Member of the Legislative Council for Northern and Western
- In office 1929
- Preceded by: Seat created
- Succeeded by: Muniswamy Mudaliar

Personal details
- Born: 1905 Ba, Fiji
- Profession: Businessman

= Parmanand Singh =

Fijian politician

Parmanand Singh (born 1905) was one of the three Indo-Fijians elected to the Legislative Council of Fiji in October 1929 when Indo-Fijians were given the first opportunity to elect their own representatives. The other two were Vishnu Deo and James Ramchandar Rao.
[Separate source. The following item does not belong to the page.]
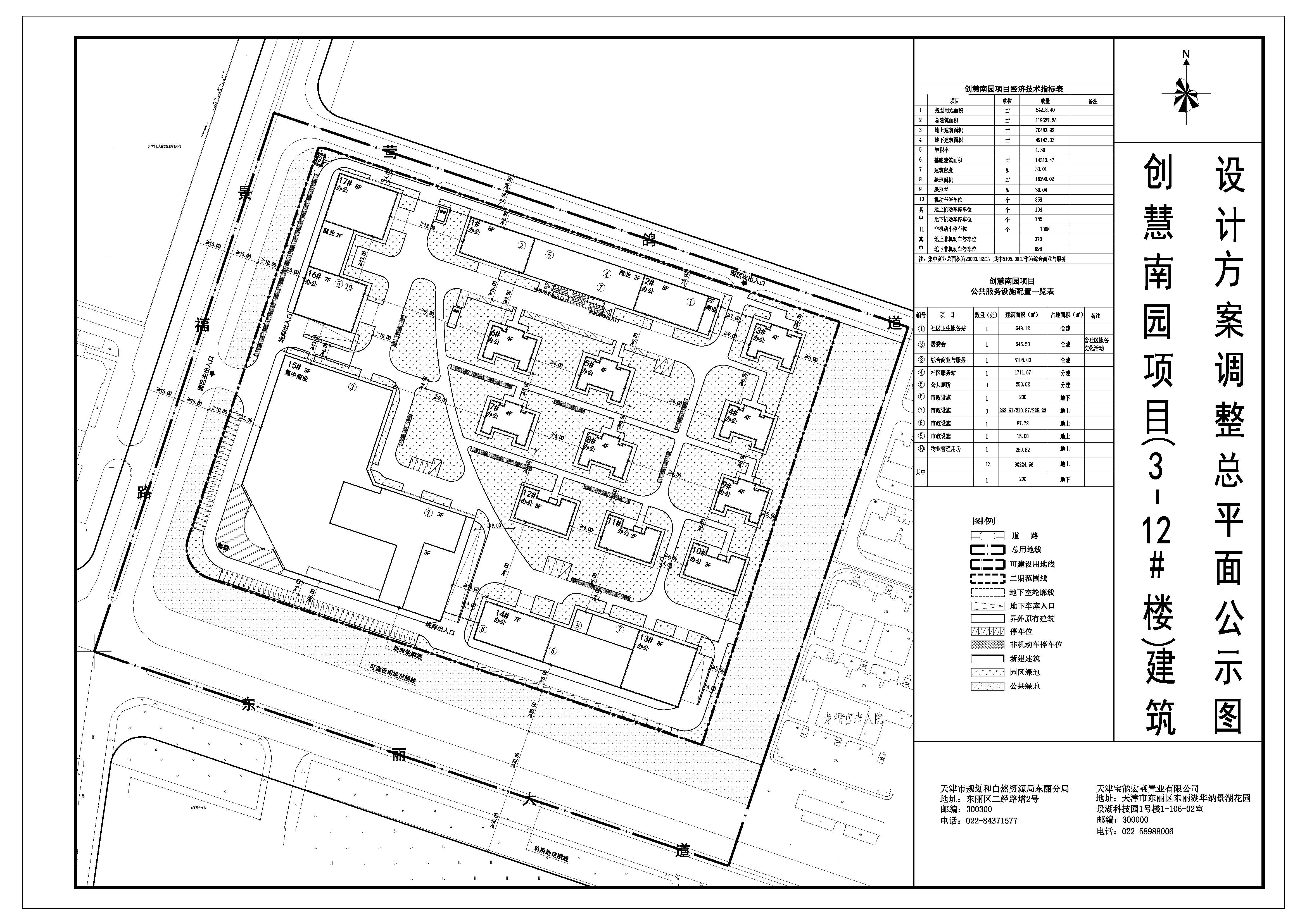 依据《中华人民共和国城乡规划法》的有关要求,现将天津宝能宏盛置业有限公司创慧南园(3#-12#)建筑设计方案调整总平面图进行公示,公示期为7个工作日。意见反馈请回复东丽分局建管科,电话:84371577。
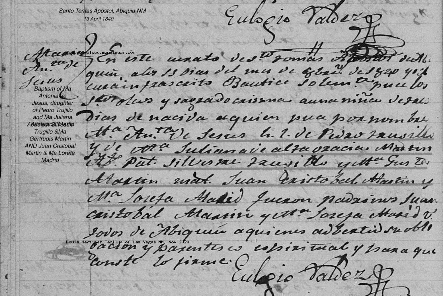Maria Antonia de Jesus TRUGILLO Baptism: April 13, 1840 58 — Abiquiu, Rio Arriba, Nuevo Mexico |

Singh was a landlord from Ba and undertook several business ventures which included publishing newspapers.

==Biography==
Parmanand Singh was born in Yalalevu in the Ba District of Fiji in 1905. His parents had come to Fiji as indentured labourers and prospered in the opportunities available after indenture. He was educated at Auckland College, graduating in 1923. While in New Zealand, he played rugby, a game rarely played by Fiji Indians.

On his return to Fiji, he took advantage of a business opportunity by leasing land from Colonial Sugar Refining Company (CSR) and sub-leasing it to small farmers.

Like most rich farmers from Ba, he joined the Arya Samaj and was chosen by Vishnu Deo to contest the Northern & Western Division in the 1929 general elections, the first in which Indo-Fijians were allowed to vote. He won easily with the support of Deo and the Arya Samaj, an organisation to which most educated Fiji Indians belonged. However, two weeks after being sworn in he and the two other Indo-Fijians representatives resigned when a motion asking for equal political rights for Indo-Fijians was defeated.

He was opposed to the immigration of Punjabis and Gujaratis, a cause later taken up by his brother, Chattur Singh who was later also a member of the Legislative Council.

In 1948, he left for India for the education of his children and returned 3 years later.

He saw opportunities in the printing industry and established a printing press in Ba, which he used to publish a newspaper, Awaaz (The Voice) in the Hindi language. He was unable to keep the newspaper in circulation due to a natural disaster and poor staff. He then moved to Lautoka and in 1956, started publishing another newspaper, Jai Fiji, which remained in circulation until 1980.

The family involvement in Fijian politics has continued with his son, Anand Singh, also serving in the House of Representatives and Senate and as the Attorney General of Fiji in the Fiji Labour Party government of Mahendra Chaudhry from 1999 to 2000.